Problem requirements:
The entries below contain pictures. Write out only the lines from the line with "Supa Crew Bothers,它會將一些失敗的符號轉換為獲勝的符號。" up to and including the line with "White Crumpled Paper", exactly, without them.

Extracted data:
----------------------------------------

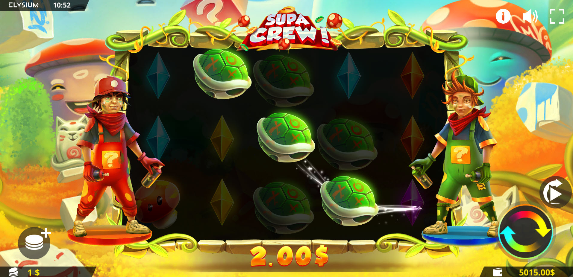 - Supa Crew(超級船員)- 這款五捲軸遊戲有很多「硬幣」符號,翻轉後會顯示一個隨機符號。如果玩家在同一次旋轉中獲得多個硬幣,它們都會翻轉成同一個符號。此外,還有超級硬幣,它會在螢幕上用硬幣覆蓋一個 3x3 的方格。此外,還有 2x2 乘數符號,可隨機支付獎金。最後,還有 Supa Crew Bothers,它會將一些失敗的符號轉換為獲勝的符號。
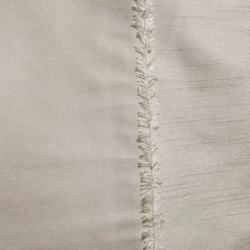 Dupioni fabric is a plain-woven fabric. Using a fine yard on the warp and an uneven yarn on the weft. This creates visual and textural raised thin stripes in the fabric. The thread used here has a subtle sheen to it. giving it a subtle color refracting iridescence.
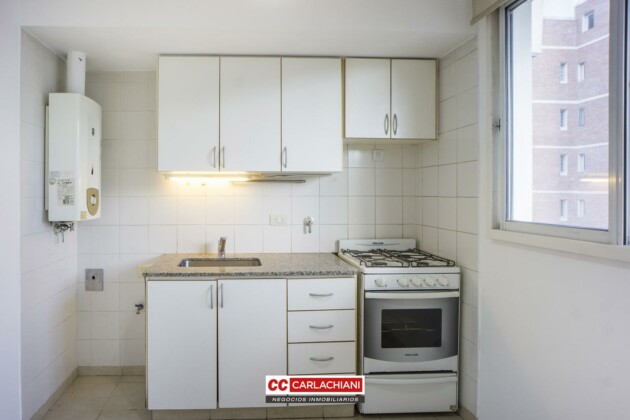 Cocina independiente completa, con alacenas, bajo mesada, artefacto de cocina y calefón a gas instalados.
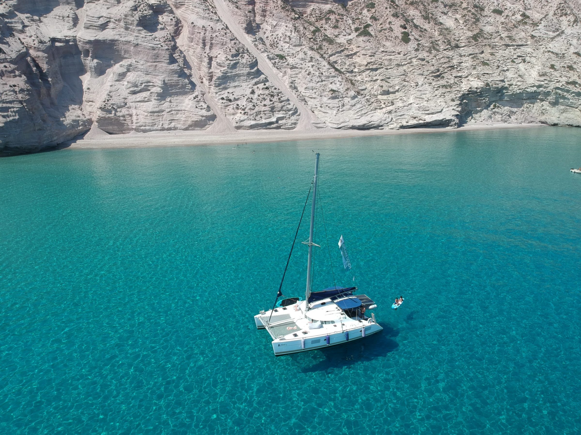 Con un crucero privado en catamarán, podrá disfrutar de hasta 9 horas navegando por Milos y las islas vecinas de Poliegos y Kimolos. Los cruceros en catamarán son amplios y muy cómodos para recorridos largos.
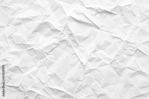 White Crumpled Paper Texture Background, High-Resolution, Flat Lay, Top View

----------------------------------------

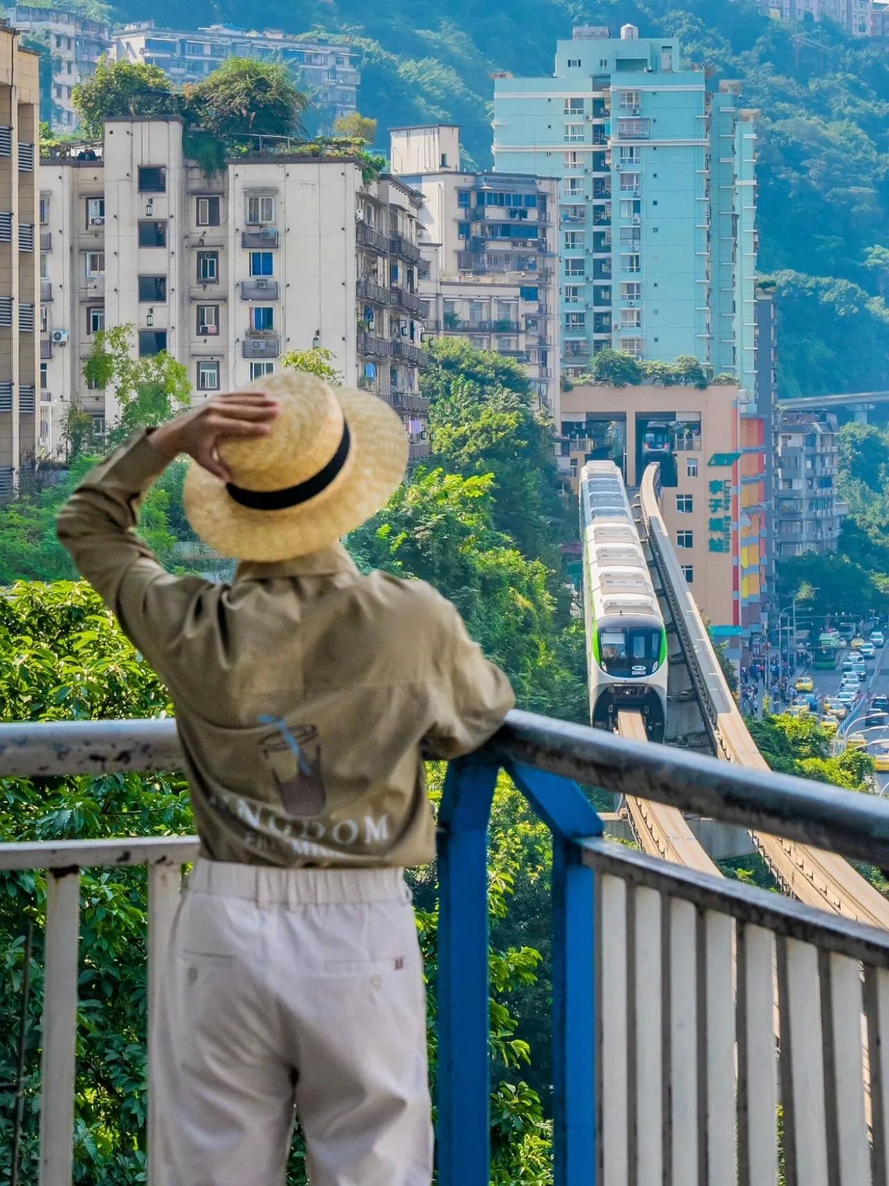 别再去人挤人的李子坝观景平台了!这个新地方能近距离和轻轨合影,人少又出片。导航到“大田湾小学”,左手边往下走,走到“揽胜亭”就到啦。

----------------------------------------

Output of the exercise:
 - Supa Crew(超級船員)- 這款五捲軸遊戲有很多「硬幣」符號,翻轉後會顯示一個隨機符號。如果玩家在同一次旋轉中獲得多個硬幣,它們都會翻轉成同一個符號。此外,還有超級硬幣,它會在螢幕上用硬幣覆蓋一個 3x3 的方格。此外,還有 2x2 乘數符號,可隨機支付獎金。最後,還有 Supa Crew Bothers,它會將一些失敗的符號轉換為獲勝的符號。
 Dupioni fabric is a plain-woven fabric. Using a fine yard on the warp and an uneven yarn on the weft. This creates visual and textural raised thin stripes in the fabric. The thread used here has a subtle sheen to it. giving it a subtle color refracting iridescence.
 Cocina independiente completa, con alacenas, bajo mesada, artefacto de cocina y calefón a gas instalados.
 Con un crucero privado en catamarán, podrá disfrutar de hasta 9 horas navegando por Milos y las islas vecinas de Poliegos y Kimolos. Los cruceros en catamarán son amplios y muy cómodos para recorridos largos.
 White Crumpled Paper Texture Background, High-Resolution, Flat Lay, Top View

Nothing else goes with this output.